# My First Knife Project



## MKTacop (Jul 5, 2016)

I've seen the wide variety of beautiful knives that WB members create, and I've really wanted to try my hand at making the handles for a knife. This weekend, I succumbed to that urge and bought a kit from Woodcraft. I learned a few lessons making this knife, and am happy with it for my first attempt. The handles are made from Cocobolo.

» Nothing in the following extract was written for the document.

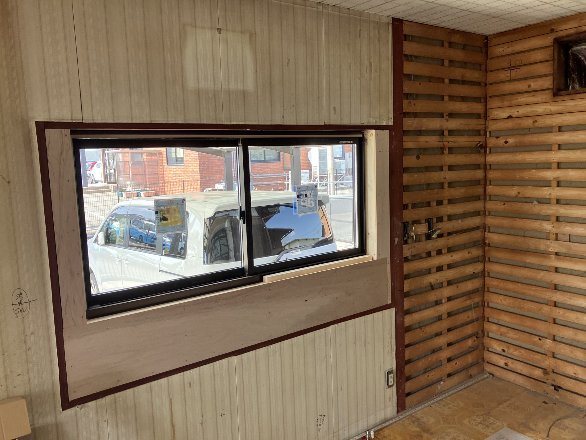 お家の構造上柱の撤去が出来ないため、こちらは柱を生かし壁を起こし
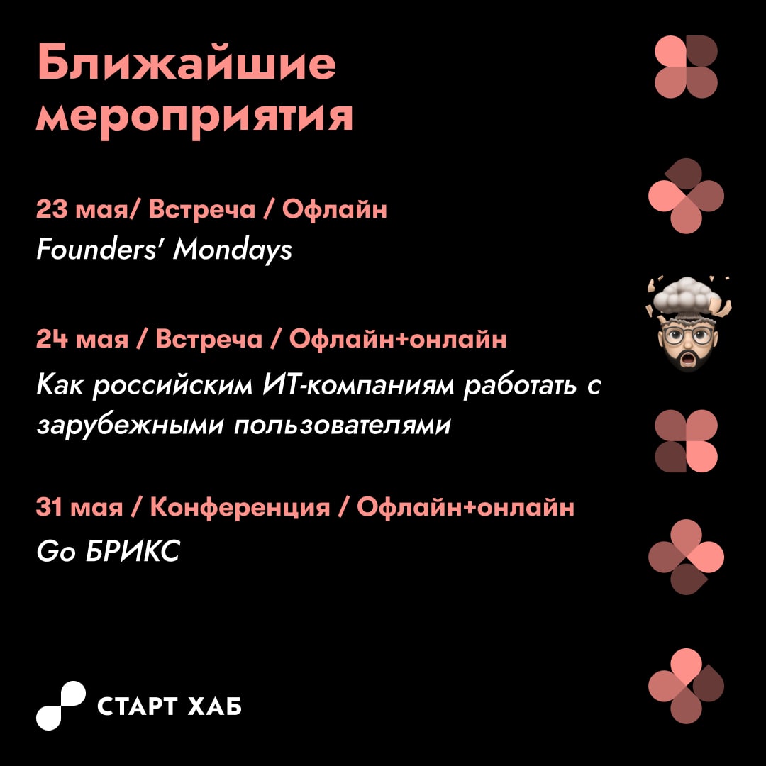 🔹23 мая. Встреча Founders' Mondays. RB.RU совместно со Старт Хаб организует очередную встречу проекта Founders’ Mondays для начинающих предпринимателей и опытных фаундеров. На каждой встрече вы сможете послушать 5-6 питчей, получить обратную связь и просто хорошо провести время с предпринимателями, которые будут говорить с вами на одном языке. Из-за камерного формата встречи количество мест ограничено!

Reactions: Like 14 | Way Cool 2


----------



## manbuckwal (Jul 5, 2016)

Looks good for a first

Reactions: Thank You! 1 | Agree 2


----------



## ironman123 (Jul 5, 2016)



Reactions: Thank You! 1


----------



## Jack "Pappy" Lewis (Jul 7, 2016)

very impressed with your selection of handle materials and the tanto is one of my favorite knives good job...

Reactions: Thank You! 1


----------



## Kevin (Jul 8, 2016)

Nice job - looks great.

Reactions: Thank You! 1


----------



## NYWoodturner (Jul 8, 2016)

Nice job Buddy - Thats how I dipped my toe in the water - on a pre-made blade or 3. Be careful man... its addicting

Reactions: Thank You! 1


----------



## robert flynt (Jul 8, 2016)

I t is a good way to start. The devil is in the details!

Reactions: Thank You! 1


----------



## David Van Asperen (Jul 12, 2016)

I have been wanting to give knife making a go. Since your first turned out so fantastic , I have hopes that mine will be able to cut and the that I will be able to hold on the handle. Thanks for the encouragement and maybe even the push to try this craft
Dave

Reactions: Thank You! 1


----------



## MKTacop (Jul 12, 2016)

David Van Asperen said:


> I have been wanting to give knife making a go. Since your first turned out so fantastic , I have hopes that mine will be able to cut and the that I will be able to hold on the handle. Thanks for the encouragement and maybe even the push to try this craft
> Dave



It really is a lot of fun! I made handles for 3 more knives over the weekend that will be gifts for my nephews. Now I'm venturing into leather working to make sheaths for some planned knives for my son and my brothers in law.

Reactions: Like 1


----------